» **EXERCISE DESCRIPTION**: Reproduce word for word, from the entries below, the line with "سئل الشيخ محمد", the line with "2018-ci ilin Dekabr", and every line between them, and nothing more.

» **DATASET ENTRIES**:
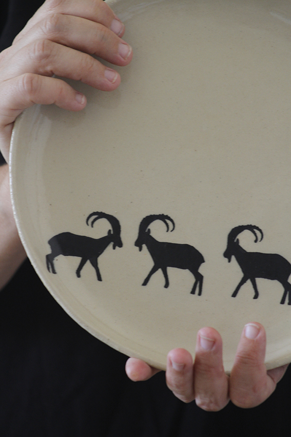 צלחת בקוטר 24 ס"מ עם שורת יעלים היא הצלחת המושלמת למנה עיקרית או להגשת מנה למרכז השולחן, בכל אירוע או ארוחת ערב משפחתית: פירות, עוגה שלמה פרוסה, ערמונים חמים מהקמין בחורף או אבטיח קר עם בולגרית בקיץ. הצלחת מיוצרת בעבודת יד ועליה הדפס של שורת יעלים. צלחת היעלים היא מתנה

* * *

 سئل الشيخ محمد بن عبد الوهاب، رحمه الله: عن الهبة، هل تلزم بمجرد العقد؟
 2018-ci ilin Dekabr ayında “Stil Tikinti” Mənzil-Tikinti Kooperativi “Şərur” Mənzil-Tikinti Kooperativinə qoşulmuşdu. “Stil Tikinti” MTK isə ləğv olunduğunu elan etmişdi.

» **OUTPUT OF THE TASK**:
 سئل الشيخ محمد بن عبد الوهاب، رحمه الله: عن الهبة، هل تلزم بمجرد العقد؟
 2018-ci ilin Dekabr ayında “Stil Tikinti” Mənzil-Tikinti Kooperativi “Şərur” Mənzil-Tikinti Kooperativinə qoşulmuşdu. “Stil Tikinti” MTK isə ləğv olunduğunu elan etmişdi.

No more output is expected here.